Opinion
Argued June 18, 1999
October 21, 1999
Monica Drinane, New York, N.Y. (Tracy Yosten of counsel), for appellant.
Michael D. Hess, Corporation Counsel, New York, N.Y. (Stuart D. Smith of counsel; Paul Villanueva on the brief), for respondent.
LAWRENCE J. BRACKEN, J.P., WILLIAM D. FRIEDMANN, GLORIA GOLDSTEIN, LEO F. McGINITY, JJ.
DECISION ORDER
In a juvenile delinquency proceeding pursuant to Family Court Act article 3, the appeal is from an order of disposition of the Family Court, Kings County (Freeman, J.), dated March 10, 1998, which upon a fact-finding order of the same court, dated February 6, 1998, made after a hearing, finding that the appellant had committed acts which, if committed by an adult, would have constituted the crimes of assault in the third degree and criminal possession of a weapon in the fourth degree, adjudged her to be a juvenile delinquent, and placed her under the supervision of the Department of Probation until June 30, 1999. The appeal brings up for review the fact-finding order dated February 6, 1998.

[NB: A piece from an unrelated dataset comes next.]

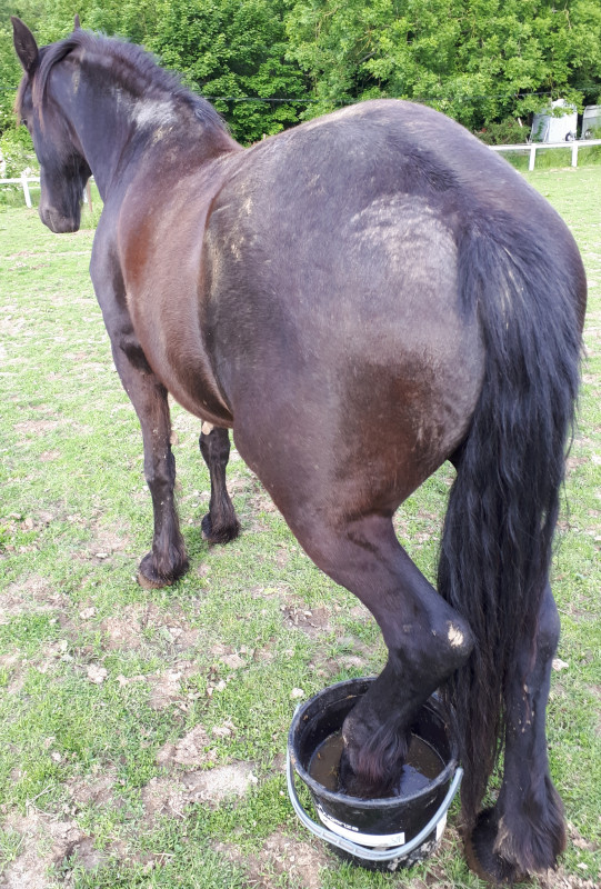 Lundi pas pu aller voir Frits et comme l'info de la réouverture de l'écurie est tombée tard, c'était mourru. Du coup, j'y suis allée hier soir et j'ai pu repasser à mon casier pour récupérer le bicarbonate de soude. Il a eu droit à un curage en règle et un bain des 4 pieds en liberté dans le pré. Il y a juste pour le PD qu'il a été pénible mais avec sa hanche douloureuse, je peux comprendre que ça le faisait chier.

ORDERED that the order of disposition is affirmed, without costs or disbursements.
Viewing the evidence in the light most favorable to the presentment agency (see, Matter of David H., 69 N.Y.2d 792 ; cf.,People v. Contes, 60 N.Y.2d 620 ), we find that it was legally sufficient to prove beyond a reasonable doubt that the appellant committed acts which, if committed by an adult, would have constituted the crimes of assault in the third degree and criminal possession of a weapon in the fourth degree. Moreover, resolution of issues of credibility, as well as the weight to be accorded the evidence, are primarily questions to be determined by the finder of fact, which saw and heard the witnesses (cf., People v. Gaimari, 176 N.Y. 84, 94 ). Its determination should be accorded great weight on appeal and should not be disturbed unless clearly unsupported by the record (cf., People v. Garafolo, 44 A.D.2d 86, 88 ). Upon the exercise of our factual review power, we are satisfied that the fact-finding order was not against the weight of the evidence (cf., CPL 470.15[5]).
The appellant's remaining contention is without merit.
BRACKEN, J.P., FRIEDMANN, GOLDSTEIN, and McGINITY, JJ., concur.